_Task_:
Below are lines of records; copy exactly those from the one containing "3、工業(yè)葡萄糖用做鋼" through the one containing "家の近くを散歩していて見かけた、紅梅。", leaving the pictures behind.

_Source material_:
════════════════

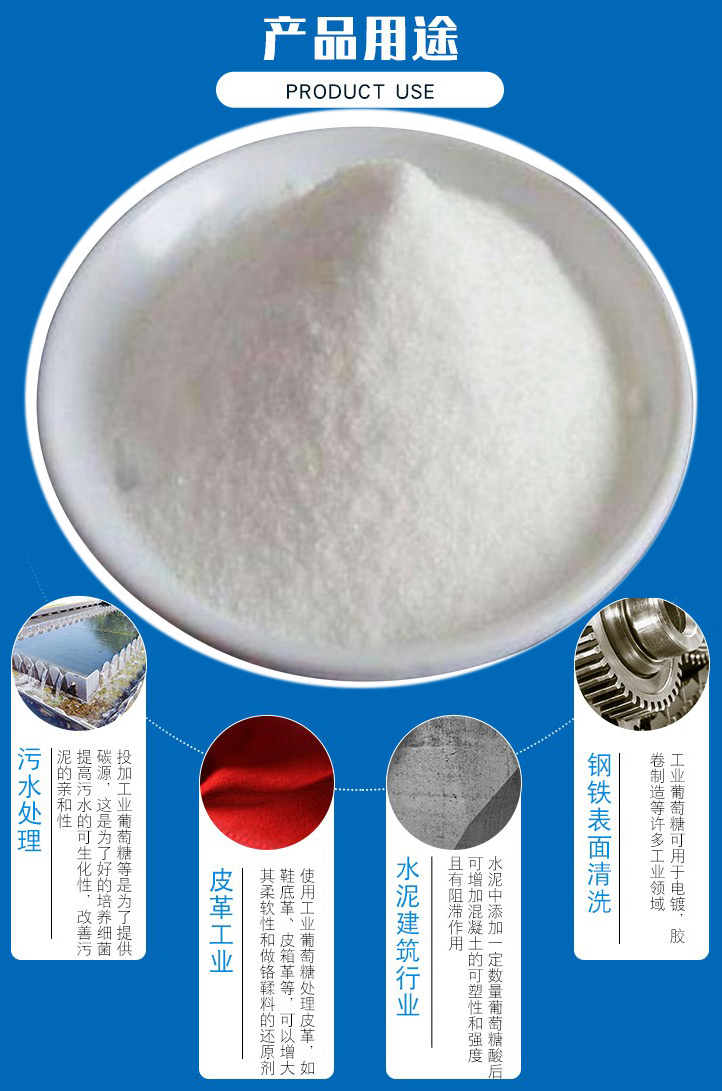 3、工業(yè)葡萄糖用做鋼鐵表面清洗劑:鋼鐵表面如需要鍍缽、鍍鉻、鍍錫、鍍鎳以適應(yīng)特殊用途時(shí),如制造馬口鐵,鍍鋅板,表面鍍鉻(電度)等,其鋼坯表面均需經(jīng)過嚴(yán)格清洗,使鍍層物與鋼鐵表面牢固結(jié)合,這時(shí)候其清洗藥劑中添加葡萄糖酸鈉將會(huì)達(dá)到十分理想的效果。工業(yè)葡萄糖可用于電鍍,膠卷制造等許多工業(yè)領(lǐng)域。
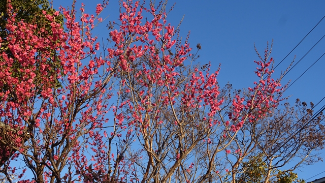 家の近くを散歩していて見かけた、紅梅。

════════════════

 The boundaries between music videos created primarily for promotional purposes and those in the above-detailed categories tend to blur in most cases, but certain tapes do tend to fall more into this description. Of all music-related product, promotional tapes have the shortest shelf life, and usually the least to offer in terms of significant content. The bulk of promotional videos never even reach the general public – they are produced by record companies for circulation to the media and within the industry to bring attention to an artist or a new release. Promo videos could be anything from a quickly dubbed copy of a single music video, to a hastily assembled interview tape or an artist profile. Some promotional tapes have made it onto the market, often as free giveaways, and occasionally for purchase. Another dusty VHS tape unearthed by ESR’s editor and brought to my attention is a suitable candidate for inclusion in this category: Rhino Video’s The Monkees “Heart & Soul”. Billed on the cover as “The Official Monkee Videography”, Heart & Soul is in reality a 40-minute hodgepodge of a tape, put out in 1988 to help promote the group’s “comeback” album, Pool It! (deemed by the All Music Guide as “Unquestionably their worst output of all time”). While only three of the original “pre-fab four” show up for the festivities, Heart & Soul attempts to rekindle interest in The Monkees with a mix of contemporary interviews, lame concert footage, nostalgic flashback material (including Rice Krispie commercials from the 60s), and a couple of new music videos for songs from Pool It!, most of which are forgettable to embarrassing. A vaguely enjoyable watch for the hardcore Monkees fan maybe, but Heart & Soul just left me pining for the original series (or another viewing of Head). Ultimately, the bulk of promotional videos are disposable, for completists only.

════════════════

_Solution to the problem_:
 3、工業(yè)葡萄糖用做鋼鐵表面清洗劑:鋼鐵表面如需要鍍缽、鍍鉻、鍍錫、鍍鎳以適應(yīng)特殊用途時(shí),如制造馬口鐵,鍍鋅板,表面鍍鉻(電度)等,其鋼坯表面均需經(jīng)過嚴(yán)格清洗,使鍍層物與鋼鐵表面牢固結(jié)合,這時(shí)候其清洗藥劑中添加葡萄糖酸鈉將會(huì)達(dá)到十分理想的效果。工業(yè)葡萄糖可用于電鍍,膠卷制造等許多工業(yè)領(lǐng)域。
 家の近くを散歩していて見かけた、紅梅。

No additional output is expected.